The models in Table 1 are interesting because they are good candidates to alleviate the coincidence problem, furthermore, the physical motivation to the studied models was discussed in Sect. 2, where we showed that the family of interactions presented can be interpreted in terms of a variable Chaplygin gas in a unified dark sector scenario or in terms of a variable state parameter for the dark energy component.

Taking into account the theoretical problems that the \(\Lambda \)CDM scenario presents and the observational tensions recently reported with this model [5, 6], we assume that a departure from the simplest model is needed. We compared a family of interacting models among themselves and with the \(\omega \)CDM scenario. In our analysis we noted a tension between the results using AIC and BIC and we decided to follow the more stringent criterion, namely the BIC (Table 5). According to our results, under the BIC “there is not enough evidence against” any interacting model with three free parameters when we assume that the underlying model is the one which has the lowest BIC parameter, which turns out to be \(\omega \)CDM. Among the interacting models, \(\Gamma _{8a}\) is the model with the lowest BIC parameter value, it corresponds to a sign-changeable interaction with \(\gamma _{\mathrm{x}}=0\) and \(\gamma _{\mathrm{m}}=1\) and it is compatible with \(\omega \)CDM. Furthermore, \(\Gamma _{8a}\) is one of the models that alleviate the coincidence problem, since the value of the coincidence parameter in the future tends to a constant (see Fig. 3).

For the selected models we concluded that all the considered models with three free parameters are compatible among them, i.e. all they have a BIC parameter in the same range, thus these models are not distinguishable, generating in this sense a new kind of degeneracy problem.
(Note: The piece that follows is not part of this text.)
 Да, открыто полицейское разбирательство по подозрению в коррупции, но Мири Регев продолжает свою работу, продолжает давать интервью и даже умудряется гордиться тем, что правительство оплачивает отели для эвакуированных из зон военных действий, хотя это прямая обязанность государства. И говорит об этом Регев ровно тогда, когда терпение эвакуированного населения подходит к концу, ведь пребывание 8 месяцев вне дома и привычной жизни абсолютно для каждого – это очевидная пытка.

A similar behavior appears when we inspect models with four free parameters as we see in Table 5. Furthermore, it is worth to emphasize that all the interacting models with three free parameters, besides of representing different phenomenology, adjust the data as well as the \(\omega \)CDM model.

When we compare models with three free parameters to models with four free parameters (using BIC) we find “evidence against” the four free parameters models when we assume that the underlying model is a three free parameters interacting model.

Finally we conclude that an increase of the complexity of interacting models, measured through the number of free parameters, is strongly penalized according to BIC in the description of the late universe. In the near future we expect to improve this analysis by considering different parametrizations for the DE state parameter, the dark degeneracy and more sophisticated methods to constrain data, such as Monte Carlo.